Pennsylvania Continues To Debate Cannabis “Edibles”

In Pennsylvania, cannabis and cannabis-infused tinctures are largely legal, provided they have been purchased from a licensed dispensary. However, the distinction between what is considered a tincture and what is considered an edible has created confusion and controversy.

Under the state’s cannabis laws, edibles are defined as products that dissolve in the mouth and require no chewing or further digestion. On the other hand, chewables are considered products that must be chewed before being swallowed. This technical distinction has caused confusion among medical marijuana users, who often do not know whether they can legally ingest a product – simply by checking its packaging.

For example, a marijuana-infused gummy that needs to be chewed before being swallowed is considered an edible and thus illegal. This technical distinction is ridiculous, and the state should legalize all edible forms to end this confusion and restriction on product diversity.

Current Cannabis Legislation In Pennslyvania

Pennsylvania has debated the legalization of marijuana for years, and in 2016, they passed the Pennsylvania Medical Marijuana Act. This act legalized medical cannabis, allowing patients with certain qualifying conditions to purchase cannabis from state-licensed dispensaries.

Recently, Senate Bill 846 was introduced and is currently undergoing debate to legalize adult-use cannabis in the state. Mainly, the bill would regulate the personal use and possession of cannabis and establish a Cannabis Regulatory Control Board in the state.

In addition to SB 846, Pennsylvania Republican Senator Dan Laughlin has proposed a bill, SB 538, that would legalize cannabis edibles. This bill would effectively end the technical distinction between edibles and chewables, allowing medical marijuana patients to access a wider variety of products without fear of legal repercussions.

This proposed bill is currently undergoing debate in the legislature, and it remains to be seen whether it will pass or not. If it does pass, it will bring much-needed reform to Pennsylvania cannabis laws and will allow for greater access to cannabis products for medical marijuana users.

Pennsylvania Medical Marijuana Advisory Board Meeting

At a recent Pennsylvania Medical Marijuana Advisory Board meeting, concern was brought up by board member and medical patient advocate Diana Briggs over a cannabis-infused product called a troche, pronounced: “TROW-key.” Which she said was widely available in Pennsylvania dispensaries.

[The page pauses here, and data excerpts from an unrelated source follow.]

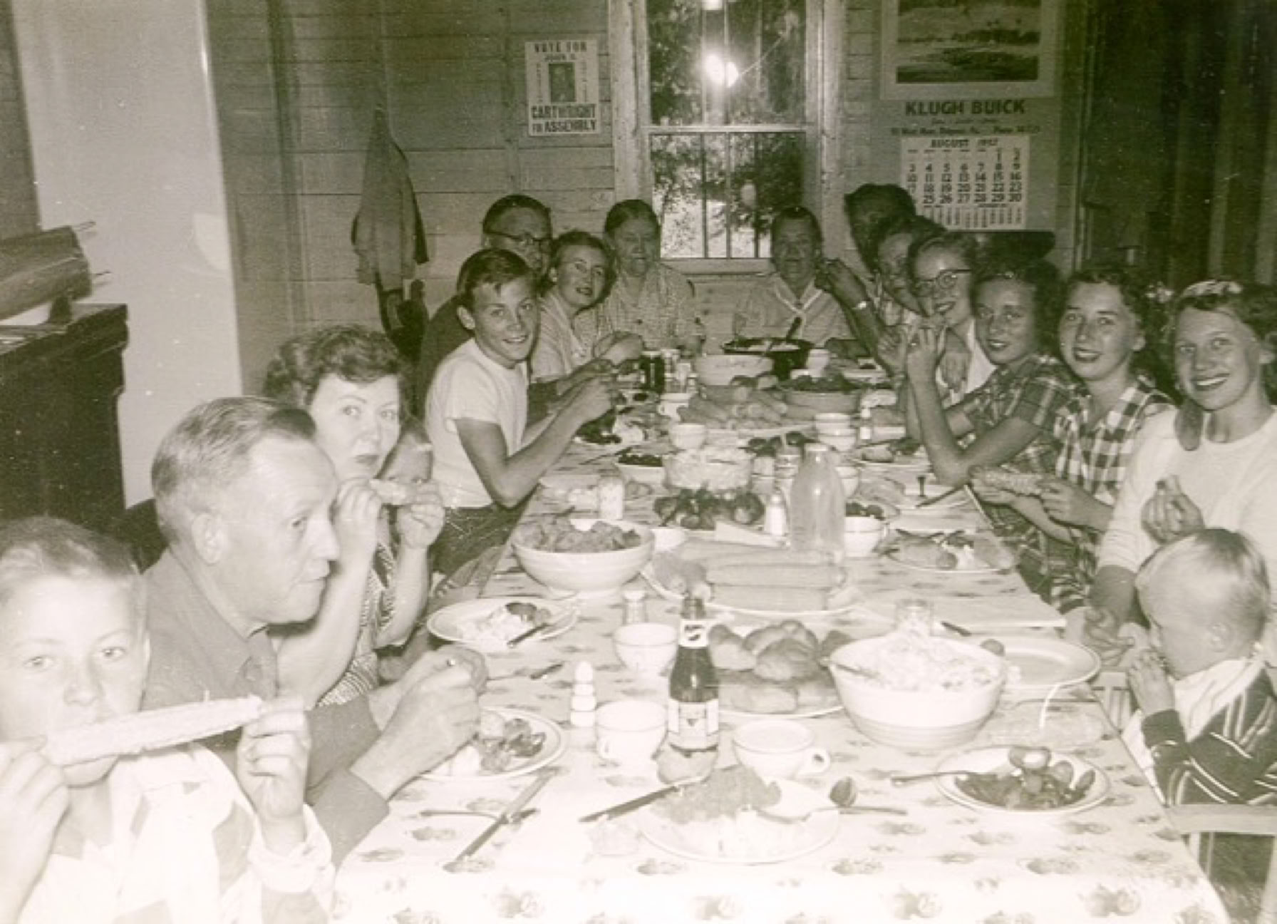 Nelson Family Gathering in Croylen Camp in 1952: David Juers, Henry Juers, Mildred Juers, Denny Nelson, Benny Piccirillo, Mike Piccirillo, Ester Piccirillo, Matilda Nelson (Grandmother), Ellen Bullers (Matilda’s sister), unknown, Helen Bullers (Ellens’ daughter) Clarice Juers, Sylvia Piccirillo, Rosalie Piccirillo, Inga Nelson and Larry Nelson (Paul Nelson taking picture)
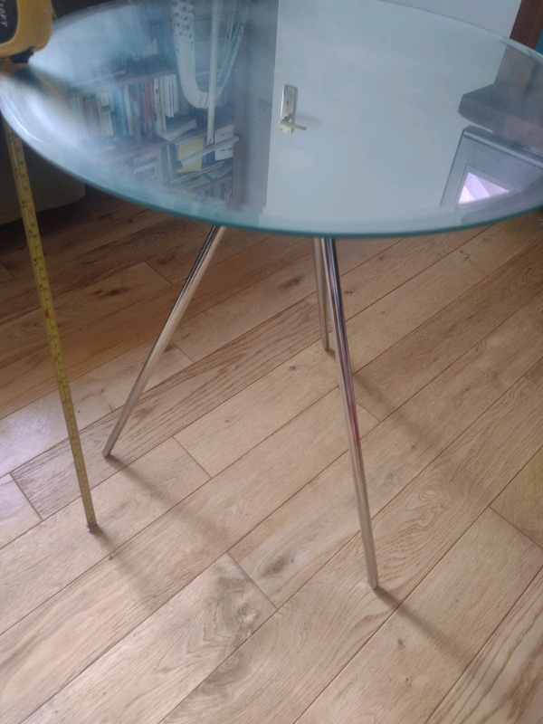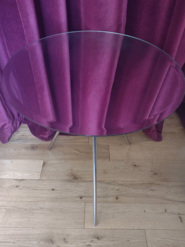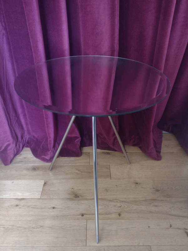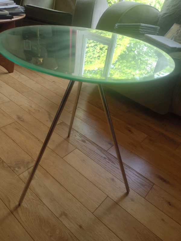 Coffee/Tea Modern 3 Legged small table. Legs unscrew. Mirrored surface used but good condition.
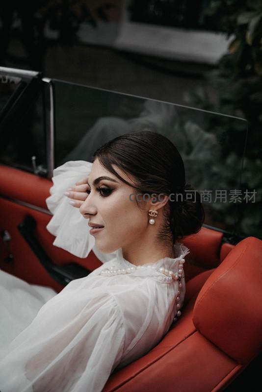 一位身着白色婚纱的新娘,佩戴珍珠饰品,优雅地倚靠在红色复古敞篷车内,背景绿植朦胧,氛围浪漫而宁静。
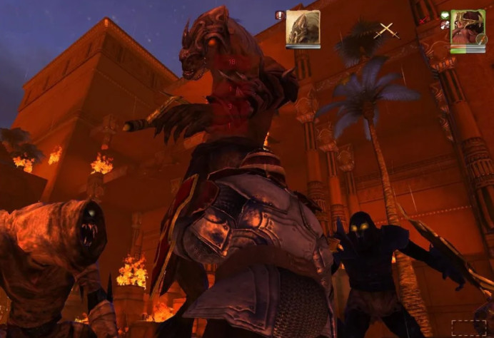Довольно легко перебили небольшой отряд прихвостней Безымянного и нашли первого союзника, Хранителя Знаний. В обмен на помощь он просит найти его дочь. Отыскали её на нижней террасе - Одания засмотрелась на сражение и не заметила, как была окружена врагами. Отвели бедняжку к отцу, но слишком поздно: Ниртана обвинила Хранителя Знаний в предательстве и приказала казнить его. Кажется, ту же участь она приберегла и для нас. Но сработало умение «убеждение» - Ниртана перешла на нашу сторону; два клинка и молот легко справились с не в меру ретивыми стражниками. После победы над эльфийской охраной Одания принялась болтать о такой чепухе, что я почти ничего не понял, стоял и хлопал глазами. Ясно лишь, что для проникновения во дворец нам нужна помощь Бъюндалы. На прощание Одания подарила рецепт «святого эликсира», великолепная вещь! Эх, этот бы рецептик чуточку пораньше…
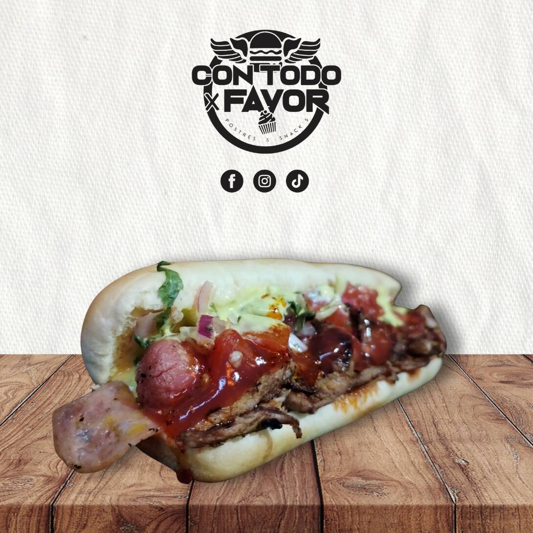 Pan, salchicha, mayonesa, catsup, cebolla, jitomate, rajas, tocino y piña asada con bbq.

She said they were “like a cough drop, some are hard, some are softer.”

However, CEO Tom Trite of Vytal Options, which was the first company to introduce cannabis-infused troches in Pennsylvania, pointed out the company’s troches are gelatin-based, a little firmer than Jello in consistency, and intended to melt under the tongue or between the cheek and gum. “They are not edibles,” said Mr. Trite to the Pittsburgh Post-Gazette, “The trouble with gummies is they’re too easy to chew,” he added, making them edible.

This brings up the confusion between edibles and chewable products, “These troches are here and they’ve been here for a year,” said Briggs, “These look very much like what I’ve bought in other states as an edible.”

Briggs is trying to end the confusion by amending the Pennsylvania Medical Marijuana Act to include cannabis edibles. Ultimately, other board members raised concerns, blocking approval. Members were concerned that if edibles were amended into law, they could get into the hands of the wrong people, specifically children, which seems to be just a good old-fashioned fear-mongering tactic as nobody has ever died of a cannabis overdose. There are way more severe substances that should be prioritized over cannabis, such as alcohol, tobacco, and opioids for example.

There was no outcome of the meeting, and the board is expected to meet again in November.

Implications Of Distinction Between What Is An Edible And What Isnt

The technical distinction between edibles and chewables is absurd, and its restrictions on product diversity are unjustified. By making a product illegal simply because it needs to be chewed before being swallowed, the state of Pennsylvania is severely limiting access to some products that could be beneficial for medical marijuana patients.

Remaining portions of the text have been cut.